My sister informed me that since there seems to be a propensity for this disease on my mother's side of the family (we have an elderly aunt suffering from it right now) she was interested in doing a genetic screening to see what the test revealed. Evidently they have developed drugs to possibly help stave off the onset of alzheimer's. She thought I should consider along with our mother such testing as well.
Do I really want to know this kind of information? If the test results are positive for my chances of contracting the disease where does that leave me? Do I really want to start taking medication for something I may or may not inherit? Does this knowledge not provide additional angst in my life?
I choose to not know. Cancer is prevalent in my family gene pool already so I figure that is what will get me eventually anyway. The idea of starting to pop all these pills just to hopefully fend off who knows what for awhile is not very savory. And what are the side effects of these medications?
Life is a crap shoot at best. You roll the dice and sometimes it comes up snake eyes.
With the continuing advancements in science and medical research we are now able to know much more about our bodies. The question is how much information is too much?
You may or may not contract Polio. Doesn't mean it's not a good idea to get vaccinated. True, if there is a test for Alzheimers, (I haven't heard of one, though I'd like to know) it would be a good idea to find out and start trying to prevent it, or at least prepare for it. My grandfather died of Alzheimers. I watched it happen, and to be honest, I'd rather rot in hell than have my mind deteriorate like that. A mind is all I am, a consciousness in a meat mech, stomping around and learning new things. My mind is my most valued possession, and nothing save for the cessation of my body will take it from me. If I'm ever diagnosed with early onset Alzheimers, then I'm going out with a bang, I'm talking about human firework bang. Skydiving with the human Jihad package. I'm putting on a damn show, because hell will spontaneously exist and then freeze over before my mind dies before my body will.
I was going to go get this test, except I forgot...
Seriously, though, I'm of two minds on this.
One is the old "House" rule from the TV show. If you do a whole-body scan on any adult, you'll find dozens of things that are "wrong", and the person is fine. This stuff can drive you nuts with unnecessary worry, so why bother?

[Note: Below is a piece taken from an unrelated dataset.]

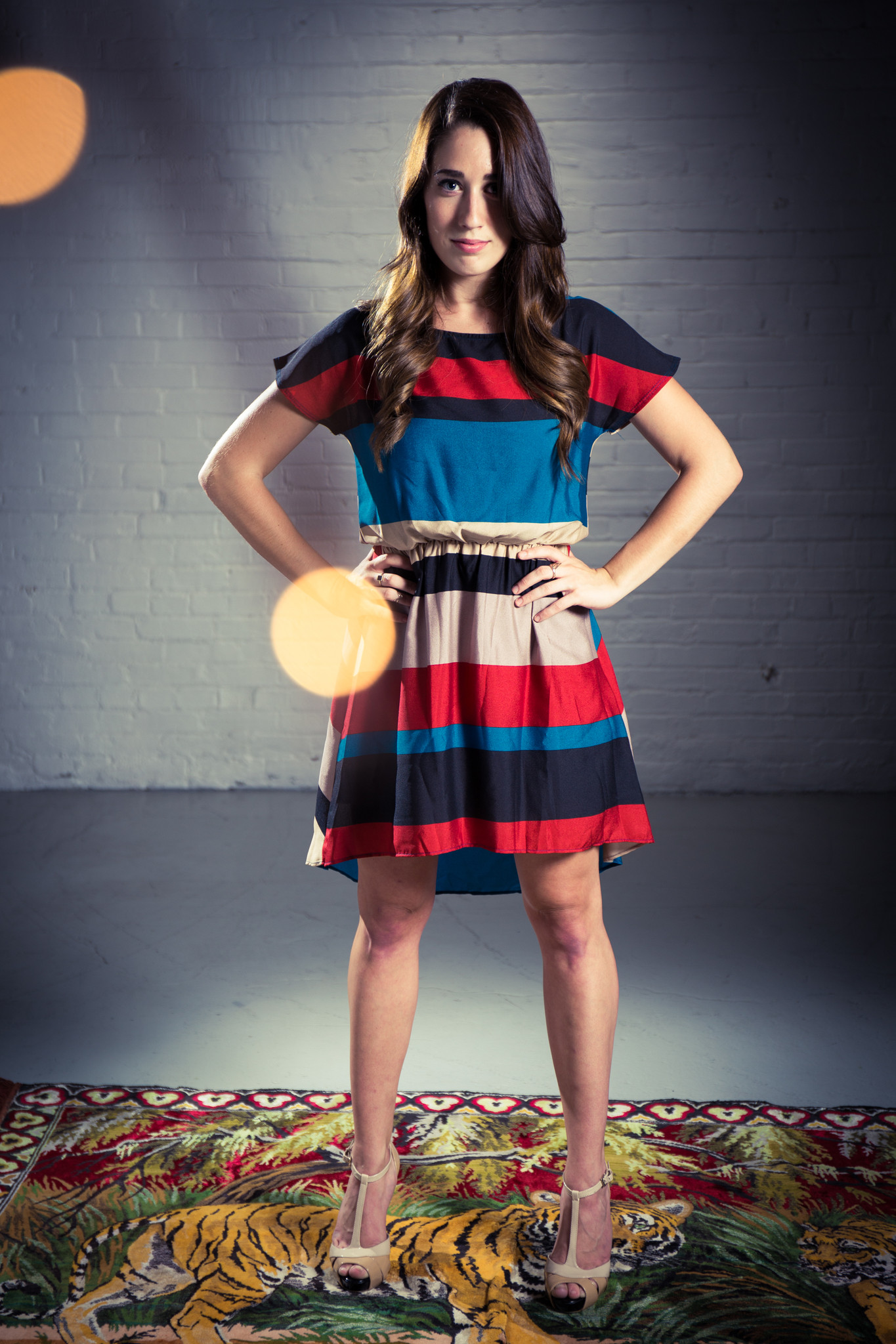 Striped hi-low dress with short sleeves. It might have pockets. I can't remember May come with surprise pockets! Update: no pockets. 100% polyester with 100% polyester lining

On the other hand, data is a good thing. Why turn down data as a rationalist? You can choose to act on it or not, or just tell friends/family and have them keep an eye out for early symptoms.
Which you choose just depends on you.
"Are you interested?" - I don't remember.
My grandmother has that. I should get tested for that too.
Sadly I know its there somewhere in my family. Happily I keep using my mind, and trying to stay away from toxic exposures, with a change to a rather nice diet.
Got to love the mind more than the crazy in our lives...
I would not want to know right now. I am at hugely high risk for breast cancer since my mother and sister have had it. I went to see a specialist who recommended prophylactic chemotherapy. My sister, who of course has had the chemotherapy, told me to not do it. She said, "The drugs are nasty. Wait until you get cancer to do something so horrible. Until then, enjoy your life."
I thought it made good sense so that's what I am doing.
I know way too much about dementia to be able to deal with the news that I have it or am highly likely to develop it. I guess it would be good to know and plan accordingly but I really wouldn't want that news. It is a tough one.
My mom is just returning from a visit to the homeland where the last two remaining siblings of the family, besides herself, are both knocking at the reaper's door. The brother has bone cancer and was not aware my mother's presence when she went to his hospital. Then she went to a different part of town to visit her sister, at a nursing facility, suffering from alzheimer's and my aunt did not recognize her sister. Double whammy. Some day I will probably be faced with looking at my mom and she will be blank as to who I am. Kind of unnerving thinking about that possibility.